A high-severity OpenClaw vulnerability codenamed ClawJacked allowed attacker-controlled websites to connect to a local OpenClaw gateway, brute-force its password, auto-register as a trusted device, and fully control AI agents. OpenClaw issued a patch in version 2026.2.25, but malicious skills on ClawHub have been used to deliver Atomic Stealer and other scams, prompting recommendations to update, audit skills, and isolate agent runtimes. #ClawJacked #AtomicStealer
Keypoints
- The ClawJacked flaw let JavaScript on malicious sites open localhost WebSocket connections and brute-force the OpenClaw gateway password.
- After authentication, attackers could auto-register as trusted devices and gain full control of AI agents, including dumping configs and reading logs.

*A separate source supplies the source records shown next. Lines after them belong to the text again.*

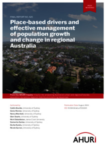 Buckle, Caitlin, Werner, Greta, Marshall, Nancy, Searle, Glen, Osbaldiston, Nick, Sarkar, Somwrita, Kundu, Durba, and Gurran, Nicole (2024) Place-based drivers and effective management of population growth and change in regional Australia. Report. Australian Housing and Urban Research Institute Limited Melbourne, Australia, Melbourne, Australia.
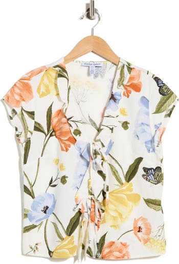 Frilly ruffled trim and dainty ties deliver romantic charm to a cap-sleeve top made with a touch of linen for a breezy fit and feel.
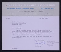 Credit: Correspondence about proposed amalgamation with FPA. Source: Wellcome Collection.
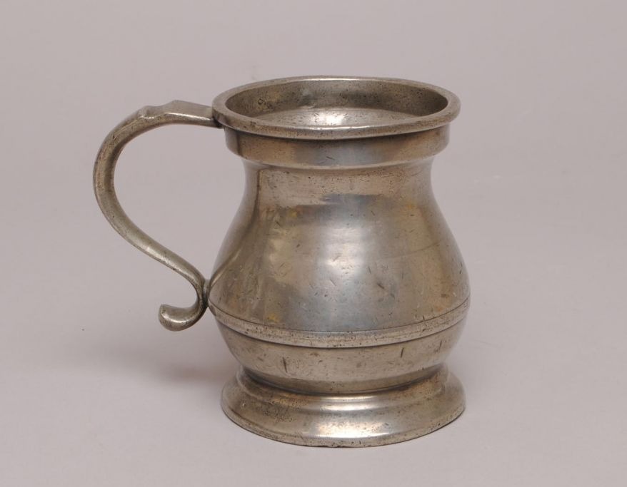 Pewter mug from Kent, late 1800's. Stamped: VR 354, 1/2 pint. H: 10 cm.
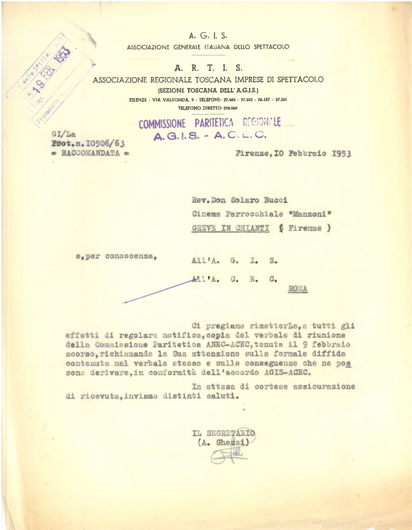 Con lettera di trasmissione del segretario A. Ghezzi a don Solaro Bucci del cinema parrocchiale Manzoni di Greve in Chianti in provincia di Firenze nella quale si segnala la denuncia per l'irregolare attività della sua sala cinematografica. Dattiloscritto
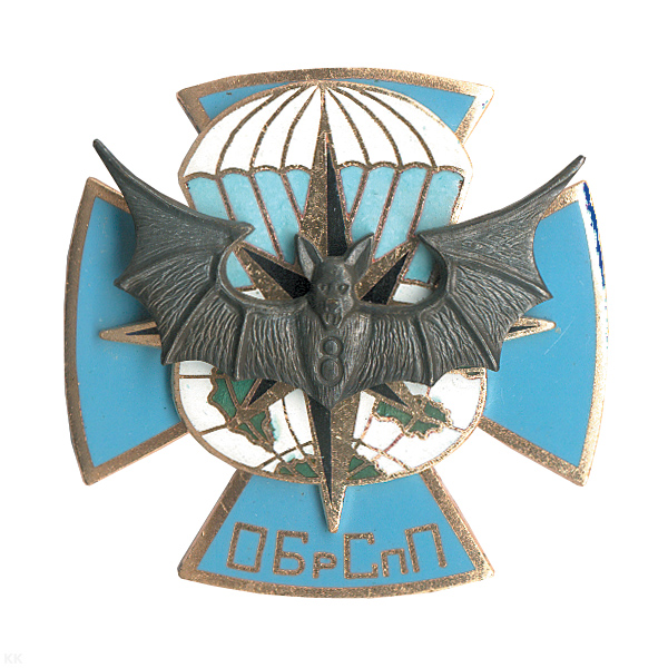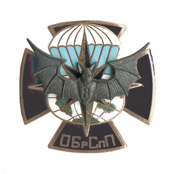 Значок мет. ОБрСпП летуч. мышь, крест (красн.) гор. эм.
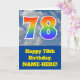 Cloudy Blue Sky, Rainbow Pattern "78" Birthday # Card
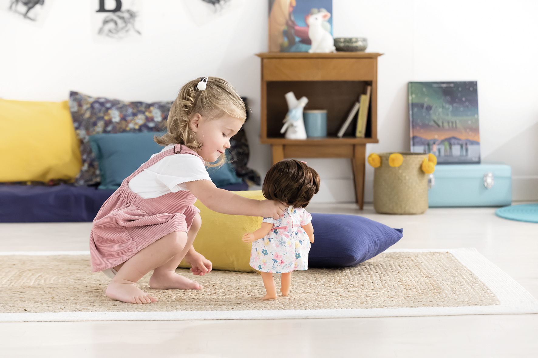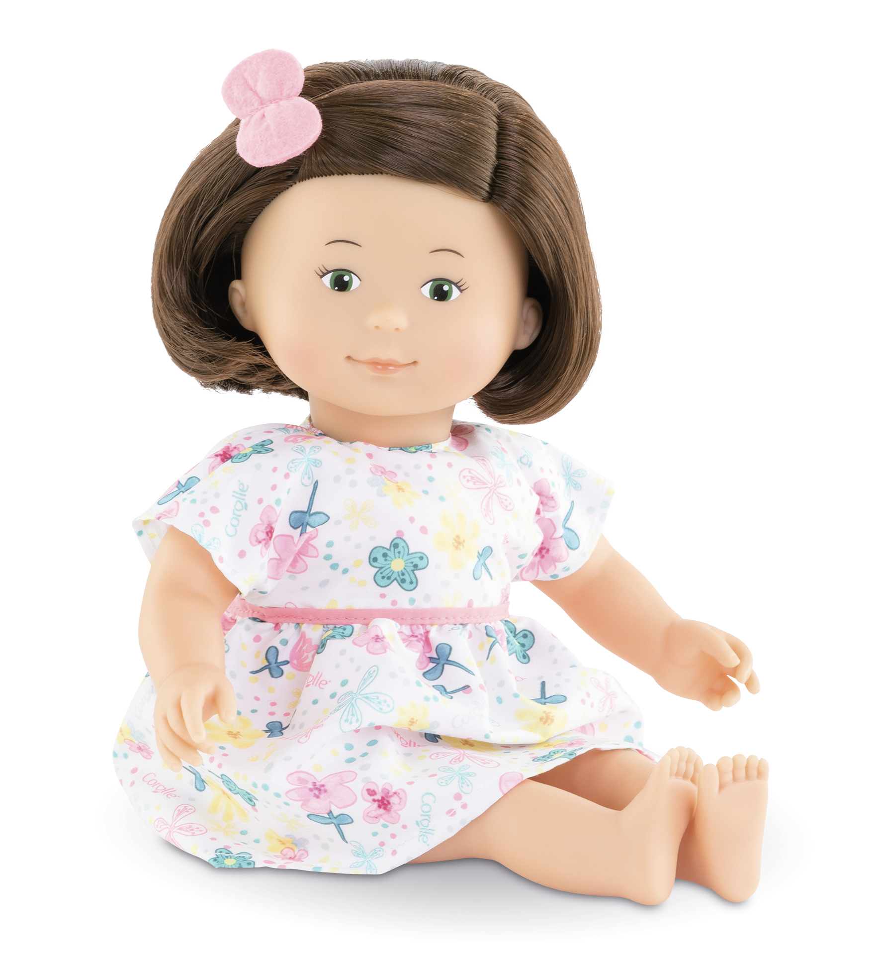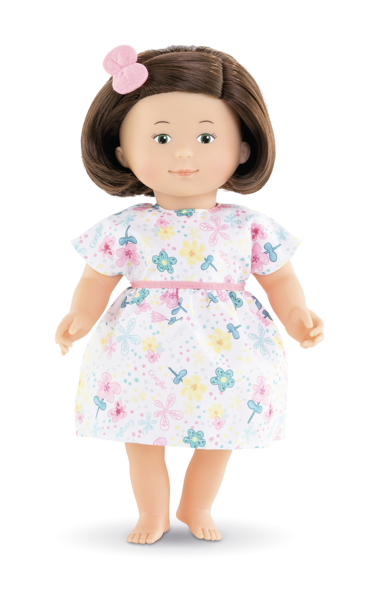 Florolle Eglantine este o papusa cu corp moale, cu inaltimea de 32 cm. Ea are parul matasos, coafat intr-un bob, o privire jucausa in ochii ei vopsiti in maro si un zambet vesel! Capul, bratele si picioarele ei sunt facute din vinil moale, suplu, care este delicat parfumat cu vanilie. Florolle Eglantine este Îmbracata intr-o rochie cu imprimeu floral .
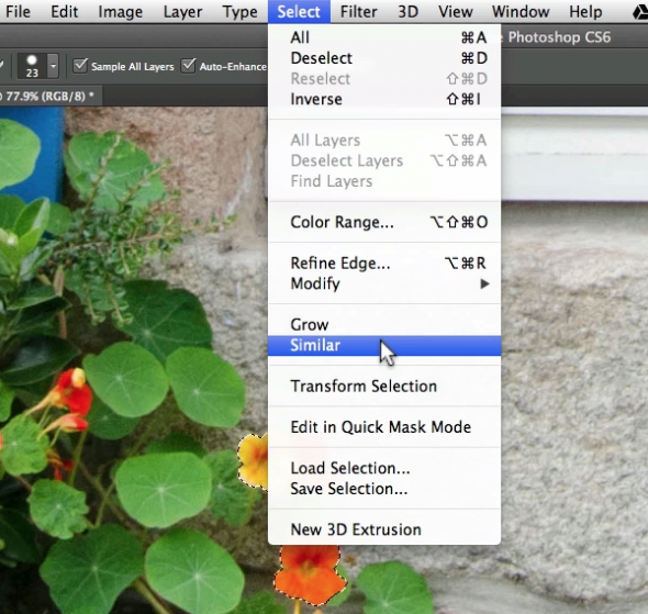 Magic Wand (Волшебная палочка) является классическим инструментом Photoshop. Он позволяет создавать выделение на основе сходства соседних пикселей. Инструмент Quick Selection (Быстрое выделение) скрыт в панели инструментов и чем-то похож на Magic Wand (Волшебную палочку). Этот инструмент принимает форму кистей, и с помощью простого мазка вы можете создать нужную выделенную область. Название инструментов смежные пиксели (grow) и подобные оттенки (similar) говорит само за себя.
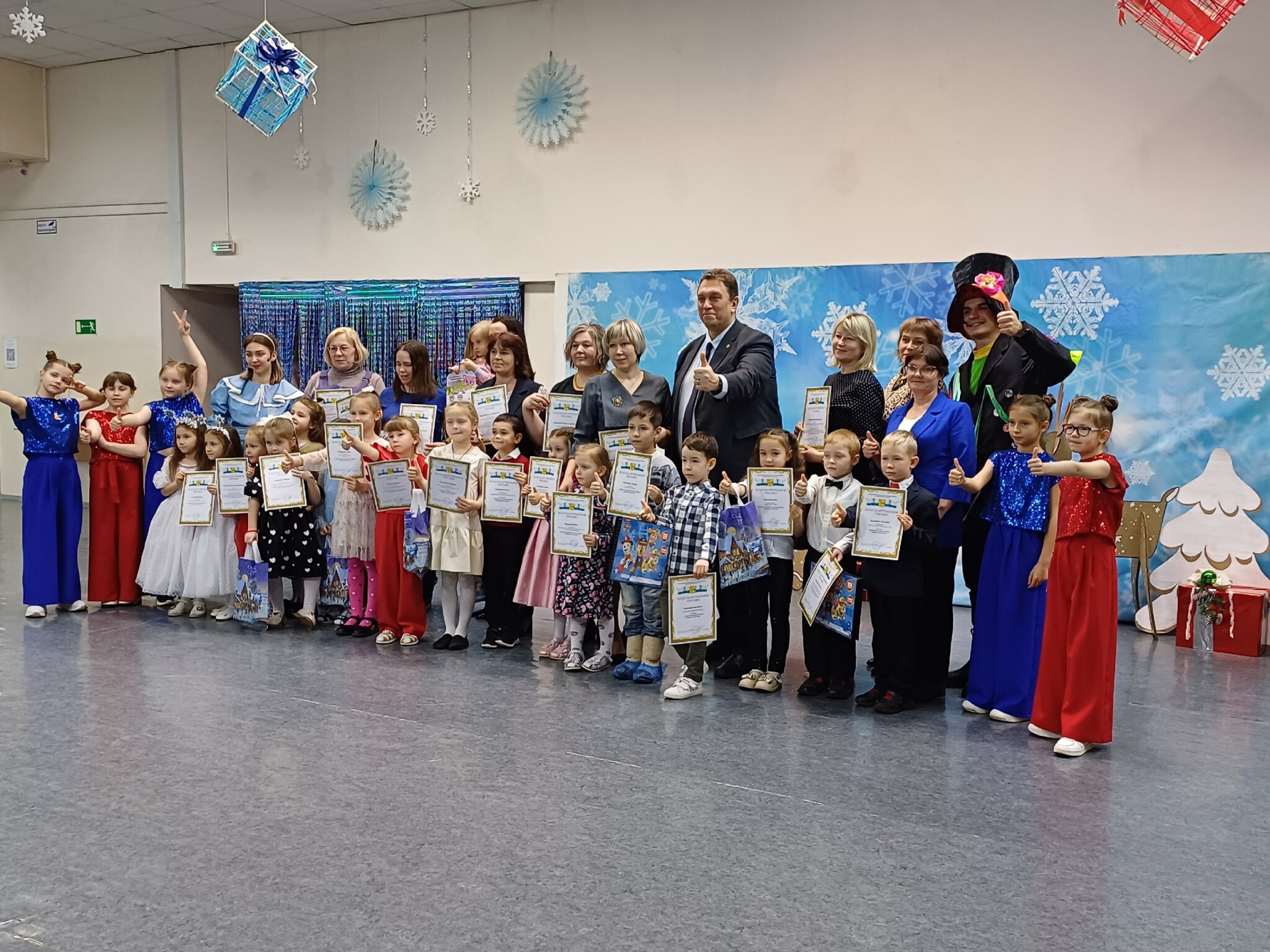 Конкурсной комиссией были выбраны 30 лучших работ. Владимир Шабардин наградил победителей конкурса благодарственными письмами и призами, также были награждены педагоги. Для детей была организована концертная программа с интерактивами от веселых ведущих.
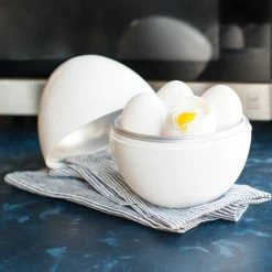Cook perfect hard- or soft-boiled eggs to perfection in the microwave in 10 minutes or less. Cooks up to four eggs at a time. No guesswork!

- OpenClaw patched the gateway exploit in 2026.2.25 and earlier fixed a log-poisoning issue in 2026.2.13; multiple other CVEs were addressed across recent releases.
- ClawHub-hosted malicious skills have been used to deliver Atomic Stealer and to run cryptocurrency supply-chain scams via agent-to-agent attacks like bob-p2p-beta.
- Users should apply updates, audit and vet skills before installing, avoid exposing runtimes publicly, and run agent frameworks only in isolated environments with limited credentials.